Re: RARA-AVIS: Still on early Ellroy

From: James Michael Rogers (jeddak5@cox.net)
Date: 12 Oct 2010

  • Next message: Ron Clinton: "RE: RARA-AVIS: Still on early Ellroy"

    I don't think the Hopkins books are all that different from the LA Quartet. The main difference seems to me that Ellroy replaced the half-crazed Hopkins with the wholly-crazed and even more compromised protagonists of the later books.. Other than that the books seem to share the same strengths (narrative drive, a really natural style, a very disturbing sensibility) and the same weaknesses (implausible plotting, ridiculous Grand Guignol violence, a sometimes cartoony and self-conscious darkness). Obviously, I like the Ellroy books but I can see how they could leave some folks cold.

    James

      ----- Original Message -----
      From: Patrick King
      To: rara-avis-l@yahoogroups.com
      Sent: Tuesday, October 12, 2010 10:42
      Subject: Re: RARA-AVIS: Still on early Ellroy

        
      Juri:

      BROWN'S REQUIEM is his first novel. As career kick-offs go, it's a field goal. It's too close to his real life, all the golf course stuff. But I didn't know that when I read it. The discovery of the corpses in the Mexican hovel is a great creepy moment. That seemed real to me. Not implausible at all, except to the extent that any crime of that sort is surreal. I think perhaps surreal is a better term for Ellroy's over-the-top elements rather than implausible. Agatha Christi is implausible. Ellroy is surreal. I know the implausible when I see it too, and I run into it less in Ellroy than in most other modern crime writers.

      Patrick King

      --- On Tue, 10/12/10, Juri Nummelin <juri.nummelin@pp.inet.fi> wrote:

      From: Juri Nummelin <juri.nummelin@pp.inet.fi>
      Subject: RARA-AVIS: Still on early Ellroy
      To: rara-avis-l@yahoogroups.com
      Date: Tuesday, October 12, 2010, 6:44 AM

       

      Patrick:

      I think BROWN'S REQUIEM is an okay book, but it's too deep in the clichés

      and stereotypes of the typical private eye novel, even though there are some

      moments in which Ellroy tries to go for something new. As for KILLER ON THE

      ROAD, I'm sorry to say I haven't read it.

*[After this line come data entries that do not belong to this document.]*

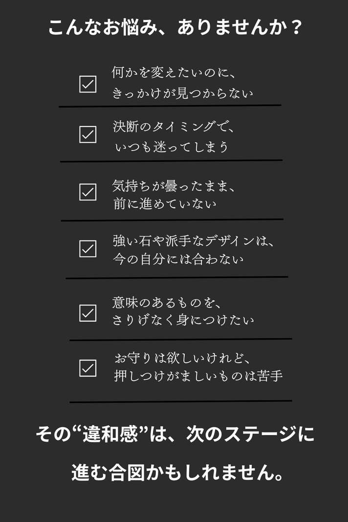 主張は強くないけれど、光の加減で確かに存在を感じさせる――その佇まいに、私たちは「今」という時間を重ねました。大きな変化を起こすための石ではありません。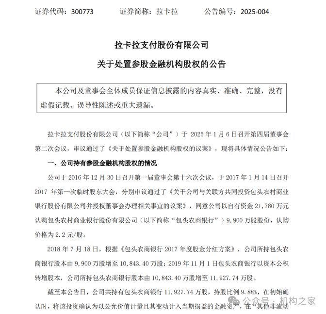 2015年1月6日,拉卡拉发布的一则“零元退股”公告引发了广泛关注。2025年1月6日,拉卡拉公司召开了第四届董事会第二次会议,审议并通过了《关于处置参股金融机构股权的议案》。基于公司整体发展战略、市场环境变化以及未来业务布局等多方面因素,为进一步聚焦主业发展,拉卡拉决定退出其持有的包头农村商业银行股份有限公司(以下简称“包头农商银行”)的全部股权。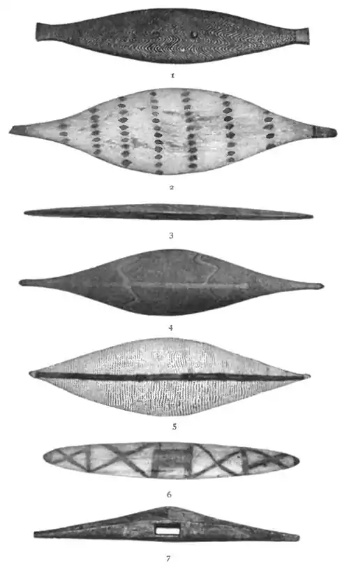 FIG. 16.—NOS. 1, 2, 4, 5, SHIELDS USED TO WARD OFF SPEARS; 3, 6, 7, SHIELDS FOR CLUB FIGHTING.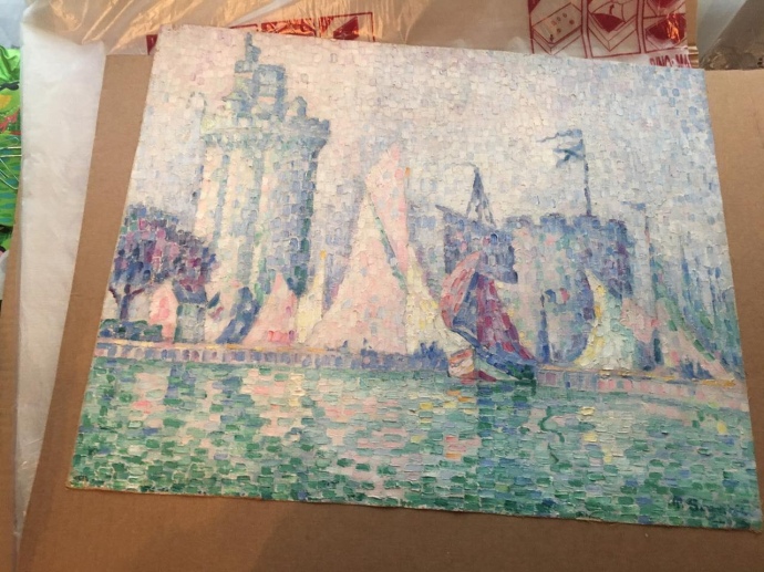 Также в ходе обысков изъяли картину, которая по предварительным данным может быть похищенной из музея в городе Нанси во Франции работой Поля Синьяка стоимостью 1,5 млн долларов.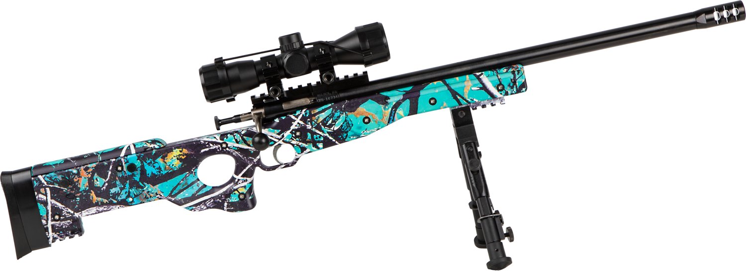 The Crickett Precision Package 22 LR Bolt-Action Combo Rifle has a 16.12-inch threaded bull barrel with a single-shot capacity and a Blued finish. This optics-ready firearm has a steel receiver with integrated rails on the buttstock and forend. This youth-sized rifle also features a Muddy Girl Serenity synthetic thumbhole stock.
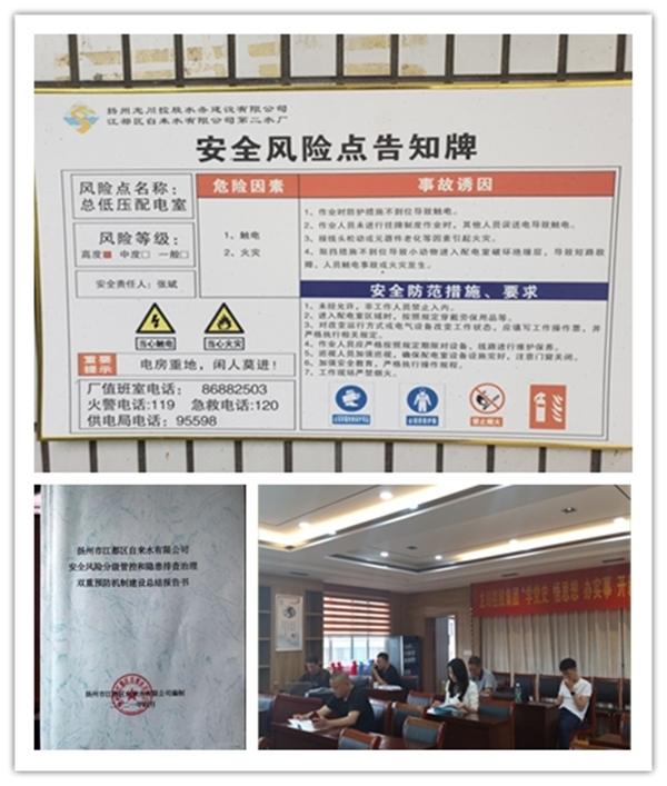 為積極響應(yīng)我區(qū)安全風(fēng)險分級管控和隱患排查治理雙重預(yù)防機制建設(shè),充分發(fā)揮其防范和遏制事故發(fā)生的作用。江都區(qū)自來水公司全面貫徹“安全第一、預(yù)防為主、綜合治理”安全生產(chǎn)方針,開展了為期四個多月的“雙重預(yù)防機制”建設(shè)工作。

      I was thinking mainly about the Lloyd Hopkins trilogy. Some of the books are

      better, but - the titles escape me and I can't bother to look them up -

      there's always the feeling Ellroy just wanted to go over the top. I don't

      the same feeling from the LA Quartet, even though the books are full with

      grizzly and grotesque stuff.

      I can't go into the discussion over implausibility in crime fiction. Suffice

      to say: I know it when I see one.